JP6486415B2 - Improved structure of solar cell roof - Google Patents

Description

  The present invention relates to an improved structure of a solar cell roof, and more particularly to a roof assembly structure having both photovoltaic power generation and a waterproof effect.

  In the conventional method of attaching a solar panel to the roof, a frame having a beam installed on the top surface is installed on the roof, and the solar panel is fitted on the beam on the frame. However, when it rains, rainwater penetrates through the gaps between the solar panel and the base, and the gaps inside the base corrode day by day due to moisture. Remove all bases during maintenance. Not only does it have to be replaced, but it also leads to waste of building materials.

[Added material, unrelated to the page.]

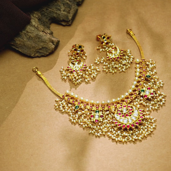 Enquire Now On WhatsAppCelebrate heritage artistry with our Handcrafted Kundan Gutta Pusalu, a timeless jewel that beautifully blends tradition and elegance. Adorned with radiant kundan stones and delicate guttapusalu pearls, this necklace showcases intricate craftsmanship and cultural richness. Each detail is carefully handcrafted to perfection, reflecting devotion, grace, and regal charm. With its antique-inspired design and elegant finish, it stands as a true heirloom piece, symbolizing luxury and tradition in perfect harmony.
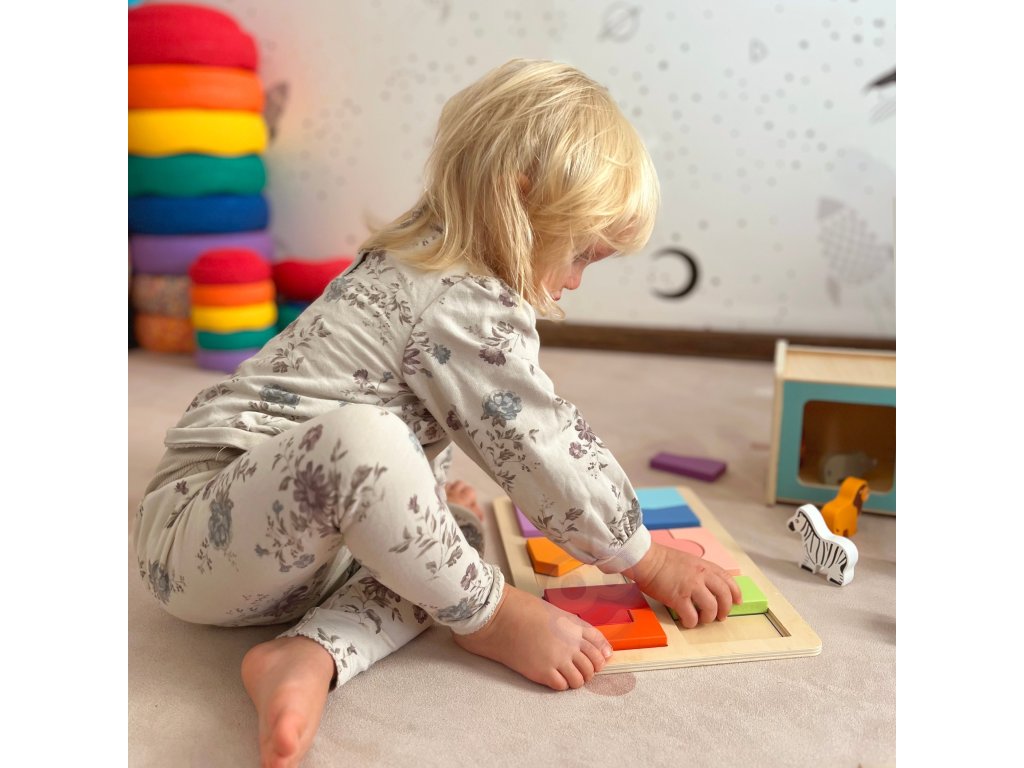 - - Logické myslenie - Priraďovanie kúskov puzzle a odvodzovanie tvaru predmetu len na základe hmatu je výborným tréningom mysle.

  In order to solve the above-described problem, Patent Document 1 discloses a waterproof structure for a solar panel that mainly includes a frame composed of a plurality of steel frames, and forms a plurality of grids on the top surface of the frame. In addition, a plurality of solar panels can be installed on the gantry, and further, a waterproof isolation layer composed of a laminated plate from which water does not bleed is provided below these solar panels to prevent rainwater from penetrating. Has achieved.

  However, in the above-described well-known technique, since the entire roof is covered with the mount, the waterproof isolation layer having a large area is required, and the waterproof isolation layer is plate-like, so that the area is large. The larger the size, the more difficult it is to maintain the flatness after construction.In addition, it is difficult not only to install a large-sized platform, but also the platform after it has been installed is easily corroded by long-term rain and wind. Since the frame must be removed from the roof, and the plane area of the frame and the waterproof isolation layer is large, it is difficult to control the degree of deformation such as warping. It is indirectly undesirably raised. For this reason, there is room for improving known techniques.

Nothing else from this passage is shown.